Give back, exactly as written, the lines of the listing from the top through the line holding "发光二极管,闪动的党徽、党徽", and nothing more. Exclude pictures.

· · ·

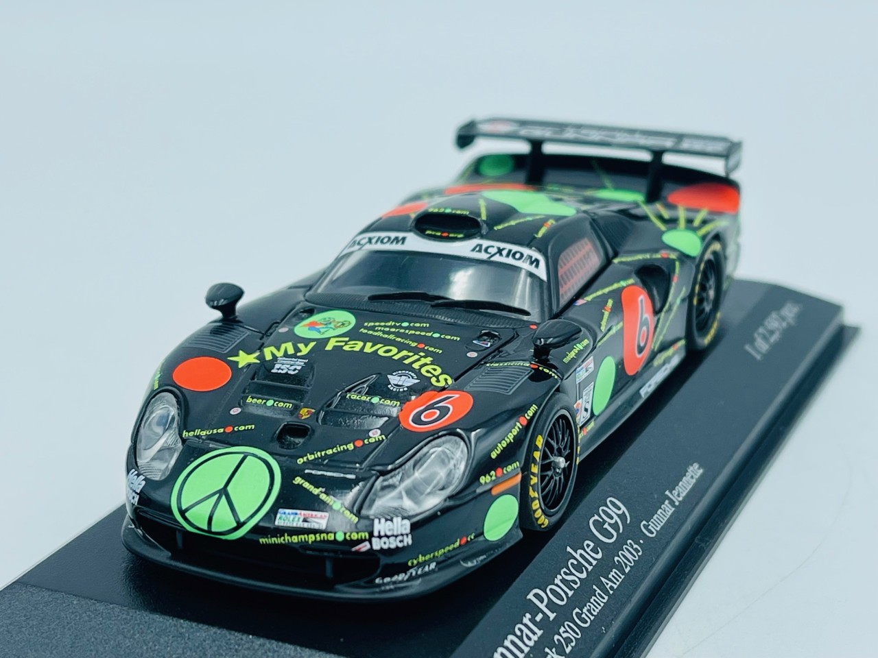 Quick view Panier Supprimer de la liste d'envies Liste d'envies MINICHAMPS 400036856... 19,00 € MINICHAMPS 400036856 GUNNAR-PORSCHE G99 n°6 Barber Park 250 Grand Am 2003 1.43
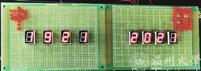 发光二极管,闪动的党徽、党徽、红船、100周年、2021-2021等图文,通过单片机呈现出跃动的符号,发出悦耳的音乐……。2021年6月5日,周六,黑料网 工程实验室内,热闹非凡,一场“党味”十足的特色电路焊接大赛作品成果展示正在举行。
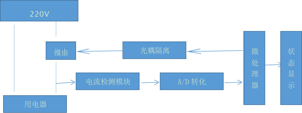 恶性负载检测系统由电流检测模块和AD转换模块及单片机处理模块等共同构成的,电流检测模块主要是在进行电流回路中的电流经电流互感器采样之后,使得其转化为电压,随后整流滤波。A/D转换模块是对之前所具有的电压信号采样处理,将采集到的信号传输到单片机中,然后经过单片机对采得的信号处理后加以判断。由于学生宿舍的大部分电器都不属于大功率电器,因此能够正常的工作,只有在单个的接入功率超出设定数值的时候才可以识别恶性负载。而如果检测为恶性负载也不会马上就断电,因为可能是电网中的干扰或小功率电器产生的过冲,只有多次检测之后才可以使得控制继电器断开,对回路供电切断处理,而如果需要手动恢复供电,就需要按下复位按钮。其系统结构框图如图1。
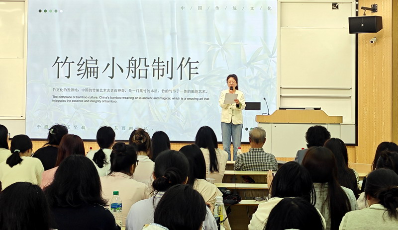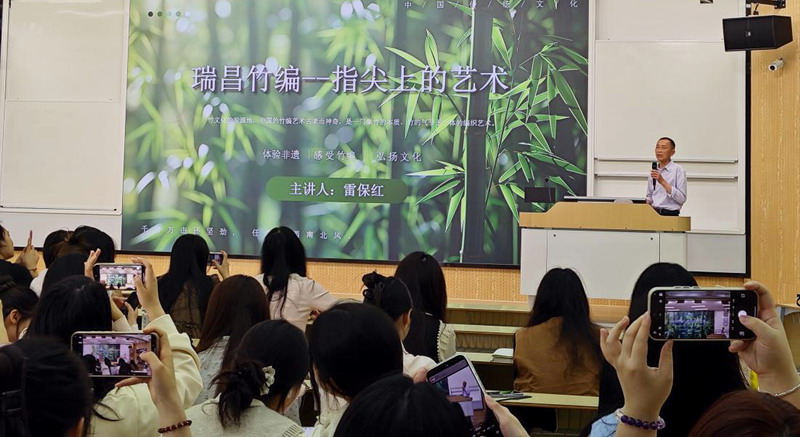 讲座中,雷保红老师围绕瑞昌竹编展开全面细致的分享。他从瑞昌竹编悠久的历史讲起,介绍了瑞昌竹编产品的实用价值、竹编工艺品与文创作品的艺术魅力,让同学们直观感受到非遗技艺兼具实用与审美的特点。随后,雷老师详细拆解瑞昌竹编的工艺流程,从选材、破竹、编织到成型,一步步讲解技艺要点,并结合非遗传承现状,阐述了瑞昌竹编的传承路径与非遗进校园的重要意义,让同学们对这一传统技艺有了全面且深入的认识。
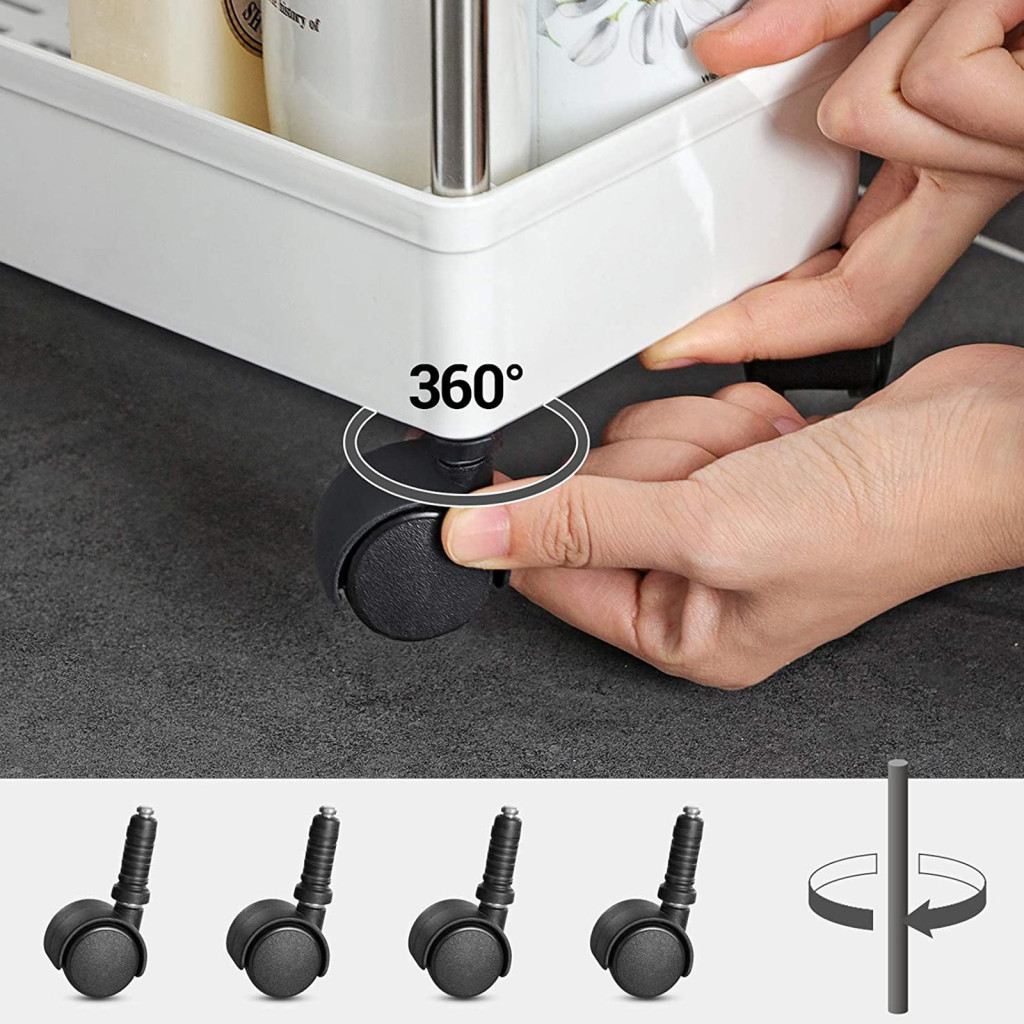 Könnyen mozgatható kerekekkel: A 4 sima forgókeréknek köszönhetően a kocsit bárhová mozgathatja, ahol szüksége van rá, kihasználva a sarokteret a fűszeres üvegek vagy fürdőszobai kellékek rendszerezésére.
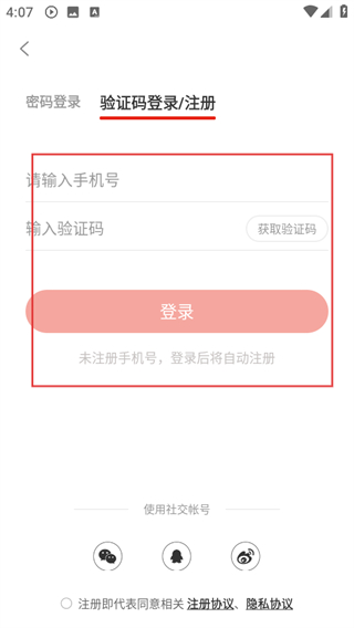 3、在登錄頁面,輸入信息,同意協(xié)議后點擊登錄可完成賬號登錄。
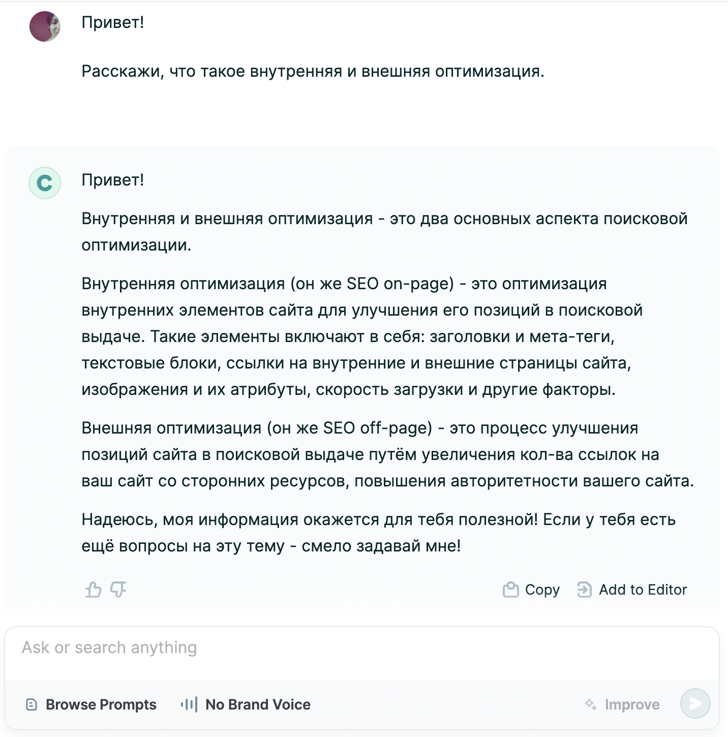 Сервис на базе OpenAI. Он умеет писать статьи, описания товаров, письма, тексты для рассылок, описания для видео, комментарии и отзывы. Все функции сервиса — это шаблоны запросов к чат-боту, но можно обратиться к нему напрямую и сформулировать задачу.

· · ·

◆ Problem solution
 Quick view Panier Supprimer de la liste d'envies Liste d'envies MINICHAMPS 400036856... 19,00 € MINICHAMPS 400036856 GUNNAR-PORSCHE G99 n°6 Barber Park 250 Grand Am 2003 1.43
 发光二极管,闪动的党徽、党徽、红船、100周年、2021-2021等图文,通过单片机呈现出跃动的符号,发出悦耳的音乐……。2021年6月5日,周六,黑料网 工程实验室内,热闹非凡,一场“党味”十足的特色电路焊接大赛作品成果展示正在举行。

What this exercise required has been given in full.